I finally got a copy of The Black Shoals by Tiffany Lethabo King, which I am really excited for because of the connections it draws between Black studies and Indigenous studies. What this book sits with is urgent (always has been) and requires a kind of poetics we rarely see, given how people approach Black histories and Indigenous histories in this country. I also need to get into Postcolonial Love Poem by Natalie Diaz, who, in addition to being a phenomenal writer, also has a strong cocktail-making game if you follow her on Twitter.

Describe your reading process. Do you read one book at a time, cover to cover, or dip in and out of multiple books? Do you plan out your reading in advance or discover your next read at random? Do you prefer physical books or digital texts? Are you a note-taker?

I like to read a few books over several years. It is a special/exactly my kind of chaos to return to a book a few months or years after I started it as if I’m catching up with an old friend. I get a lot of reading recommendations from Twitter, which, while Babylon, is also a place of meeting for some pretty brilliant thinkers and artists. I prefer a physical book, but if the digital version is a thing of convenience, I’m happy to get down with that. I find it harder to take notes in digital texts because you don’t return to them in the same way.
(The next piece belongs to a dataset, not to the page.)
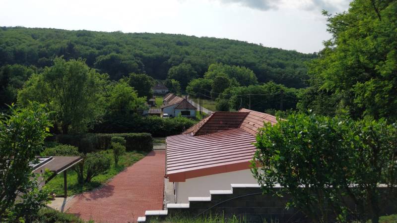 SZOMSZÉDMENTES, MINDEN KÖZMŰVEL ELLÁTOTT!ZALASZENTGRÓT EGYIK FESTŐI, ERDŐS DOMBOK KÖZT MEGBÚJÓ KICSI VÁROSRÉSZÉBEN, CSÁFORDON KÍNÁLUNK EGY FRISSEN MEGÚJULT CSALÁDI HÁZAT TELJES KÖZMŰELLÁTÁSSAL. EGYEDÜL IRODÁNKNÁL ELÉRHETŐ !Az ingatlan kivételes elhelyezkedésű. Egy kiváló infrastruktúrával rendelkező járási székhely szatellit falujában, annak is különálló, háborítatlanul békés részében található, csupán szembeni, nem közeli szomszéddal. Belterületi, lakóház, gazdasági épület és udvarként nyilvántartott. Vezetékes víz, csatorna, villany, gáz rendelkezésre áll. Aszfaltút vezet a házig, ahonnan már a hegyekbe induló földút kezdődik. Mégis szoros köldökzsinór köti össze a néhány kilométerre lévő várossal, hiszen a buszmegálló karnyújtásnyira van .A bájos lankára nyújtózó, 3605 m2-es bekerített telek szinte szabályos négyzet alakú, 62 méter utcafronti széllességgel, két bejárattal. Az épület egy régi, 50 cm vastag falú vályogház könnyű szerkezetes bővítésével, szakszerű, gondos kivitelezéssel esett át a metamorfózison. Néhány műszaki jellemző. - A tetőn szükség szerint gerendákat cseréltek, szigetelt beton födém került a padlásra. - Nedvesség - és hőszigetelő aljzat készült.- Új villamos vezetékek, villanyóra a 3 x 32 Amper nappali és 1 x 32 Amper éjszakai áramellátáshoz. - Kicserélték a víz- és szennyvíz csövezést házon belül és kívül.- Mindenütt műanyag nyílászárók, kerámia járólapok.- Villanyárammal táplált padlófűtés. Villanybojler.- Elektromosan működtethető motoros redőnyök, garázsajtó. A kapuhoz szintén kiépítve az áramellátás.- 4/6 személy lakhatásához elegendő kapacitású vízlágyító rendszer. - Gáz a főzéshez bevezetésre került.- Megfigyelő kamerák.- Alap konyhabútor rendelkezésre áll.A telken garázs, mellette tároló. A kút jelenleg csak dekoráció.A lakóház beosztása: Közlekedő, melyből a három ajtóval kertkapcsolatos nappali, a zuhannyal és káddal felszerelt fürdő, és egy étkező helyiség nyílik. Ebből egy szoba és a konyha érhető el, utóbbi mögött háztartási helyiség. Ha igényes, modern körülmények közt, de egészséges környezetben, a települések, közutak zajától távol kíván letelepedni, nyugalomra, elvonulásra vágyik, mégsem szeretne távol lenni a város nyújtotta kényelmi infrastruktúráktól, megtalálta álmai otthonát. Hévíz és a Keszthely alig 25 / 30 perc autóút, a zalaszentgróti és kehidakustányi élményfürdők kerékpárral is elérhetők. Zalacsány 15 km, ahol golfpálya, két kastélyszálló, horgásztó várja a kikapcsolódni vágyókat.További információért, megtekintéshez, kérem, hívjon / írjon a megadott elérhetőségen.

So, if I’m reading something on a Kindle or iPad, I’ll actually record quotes and notes on my phone; whereas if I’m reading a physical book, I’ll jot everything in the margins. In The Math of Saint Felix there are actually a few poems that are composed almost entirely of margin notes.

What’s one thing you’d like to try in a poem or sequence of poems that you haven’t tried before?

Something I’d like to try that I fear I don’t have the patience for is a contrapuntal, in particular one where the punctuation really tracks because I’m a little obsessed with grammar (what happens when you are schooled by nuns). A contrapuntal is essentially about two distinct entities abiding, but the abiding—the relation—takes work.

Where are some places you like to read and write (besides home, assuming you like to be there)?

Because I’m not much of a coffee drinker, coffee shops aren’t always the place for me. A solid half-shaded park table is my favorite warm weather go-to! I also really like setting up shop at the Grand Army Plaza library or the lobby/café at BRIC Arts.

What are some Brooklyn spaces you love? Why?

I love the Flatbush Malls. They’re such a lush dark green and a place where all you can do is drive, walk or bike around. I really appreciate how they escape what we understand as function (which really means participating in some transaction of capital). I also love Red Hook because it still feels like the edge of the world. My absolute favorite place in Brooklyn is Taste the Tropics on Avenue D, an ice cream shop that has been holding it down for decades and is truly the most Caribbean locale in the tri-state area.

Why Brooklyn?

Because what you need is always on sale at Key Food.